The problem> Here the job is to print only the lines from the one containing "An invitation to" to the end of the entries, both included, exactly as they stand, with pictures excluded.

*** Block opens ***

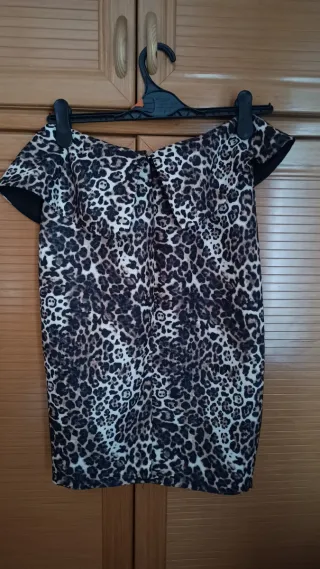 Falda larga fluida de tul semitransparente en color negro con forro interior de minifalda en estampado de leopardo. Cintura elastica. Mide de cintura 31cm(sin estirar) y de largo 119cm. El largo de forro 41cm. Esta nueva sin haber sido estrenada nunca.
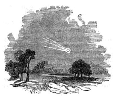 eye had been at rest at B, and the molecule of light had come to it in the direction D, B. The star, therefore, whose real place is at C, will appear at D to the spectator at B. This effect is precisely analogous to what takes place when a person moves or travels rapidly through a shower of rain or snow in a perfectly calm state of the atmosphere. Without locomotion the rain-drops or snow-flakes will fall upon his hat, or upon the head of the carriage that conveys him, and not beat in his face, or against the front windows of the carriage. But if he is passing along swiftly, in any direction, east, west, north or south, the rain or snow will come in contact with his face, or enter the front windows of the carriage if they are open, as though the drops or flakes fell obliquely, and not from the zenith. Now as an object appears to us in the direction in which the rays of light strike the eye, it is easy to understand that a star in the zenith will appear at a little distance from it, to a spectator carried along with the earth in its orbit. This discovery established the fame of Bradley, who was exonerated from all future payments to the Royal Society on account of it; and it is of great importance, as the only sensible evidence we have of the earth’s annual motion. Soon after his appointment to the Greenwich observatory, he effected his second great discovery, that of the nutation of the earth’s axis, a slight oscillation of the pole of the equator about its mean place, describing an ellipse in the period of eighteen years. He determined likewise its cause, which theory had previously inferred to be the action of the moon upon the equatorial regions of the earth. Some idea of his industry may be formed from the fact, that in conjunction with his nephew, he made no less than eighteen thousand observations in a single year while astronomer royal; and the number from the year 1750 to 1762 amounted to upward of sixty thousand. The death of Bradley was interpreted as a Divine judgment by the populace. He had taken an active part with the Earl of Macclesfield and others, in urging on and assimilating the British calendar to that of other nations. This rendered it necessary to throw eleven days out of the current year in the month of September 1752—a measure which the ignorance of great numbers of the people led them to regard as an impious intermeddling with the Divine prerogative. Lord Macclesfield’s eldest son, at a contested election for Oxfordshire, was greeted with the cry from the mob, “Give us back the eleven days we have been robbed of!” and Bradley’s mortal sickness, some years later, was viewed as a punitive dispensation for having participated in the sacrilegious theft.
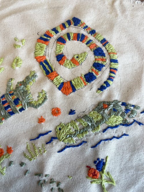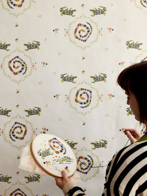 An invitation to look closer, REPTILIA, our modern doily-like design depicts hand-embroidered creatures from the swamp encased in flora and fauna. Also available in Peel & Stick in Bright Multi colorway.
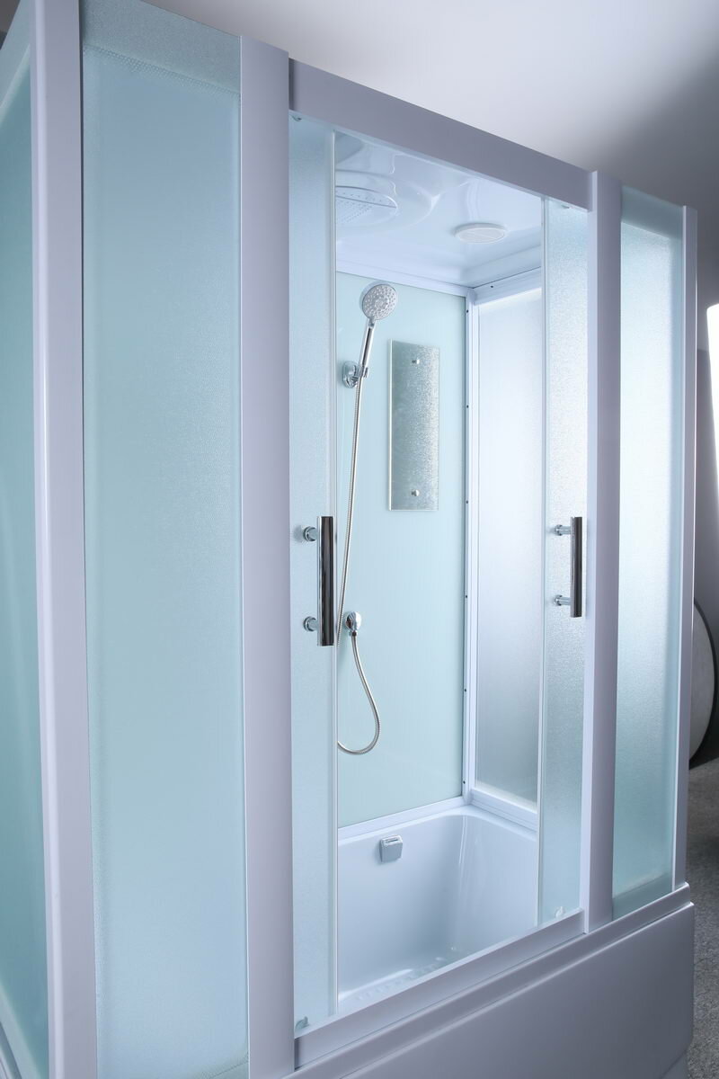 Акриловый поддон h - 60 см. Съемный экран из трех частей. Хромированный слив-перелив П/А с сифоном. Алюминиевый профиль - БЕЛЫЙ МАТОВЫЙ. Задние стенки - стеклянные белые. Передние и боковые стекла - структурные матовые. Сенсорный пульт управления. Подсветка верхняя. FM-радио. Вентиляция. Смеситель однорычажный - четыре режима. Тропический душ. Массажная лейка. Гидромассаж спины 6 джет. Наполнитель ванны. Саморегулирующие ролики. Стеклянная полочка. Зеркало. Ручки. Собирается изнутри. БЕЗ СИЛИКОНОВАЯ СБОРКА!!!
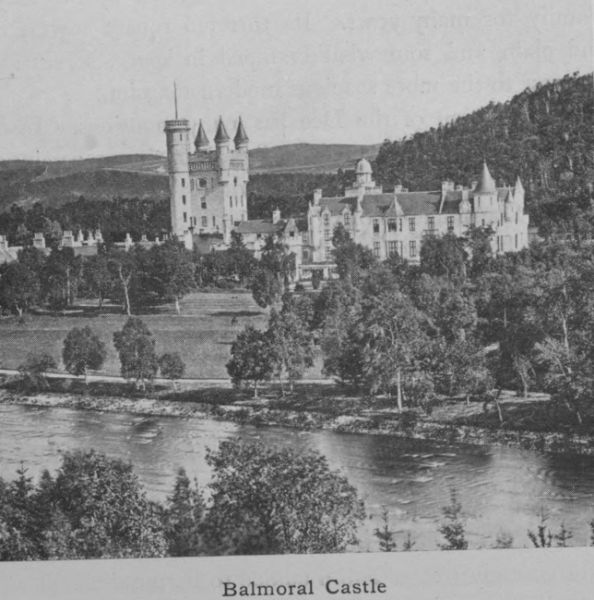 =Ballater= (1240), a small town beautifully situated on the north side of the river Dee, in a level space enclosed by high mountains, is 660 feet above sea-level. From Ballater coaches drive daily to Braemar, passing Balmoral Castle half-way. (pp. 2, 8, 18, 24, 27, 33, 154, 162, 164, 176.)

*** Block closes ***

Your response>
 An invitation to look closer, REPTILIA, our modern doily-like design depicts hand-embroidered creatures from the swamp encased in flora and fauna. Also available in Peel & Stick in Bright Multi colorway.
 Акриловый поддон h - 60 см. Съемный экран из трех частей. Хромированный слив-перелив П/А с сифоном. Алюминиевый профиль - БЕЛЫЙ МАТОВЫЙ. Задние стенки - стеклянные белые. Передние и боковые стекла - структурные матовые. Сенсорный пульт управления. Подсветка верхняя. FM-радио. Вентиляция. Смеситель однорычажный - четыре режима. Тропический душ. Массажная лейка. Гидромассаж спины 6 джет. Наполнитель ванны. Саморегулирующие ролики. Стеклянная полочка. Зеркало. Ручки. Собирается изнутри. БЕЗ СИЛИКОНОВАЯ СБОРКА!!!
 =Ballater= (1240), a small town beautifully situated on the north side of the river Dee, in a level space enclosed by high mountains, is 660 feet above sea-level. From Ballater coaches drive daily to Braemar, passing Balmoral Castle half-way. (pp. 2, 8, 18, 24, 27, 33, 154, 162, 164, 176.)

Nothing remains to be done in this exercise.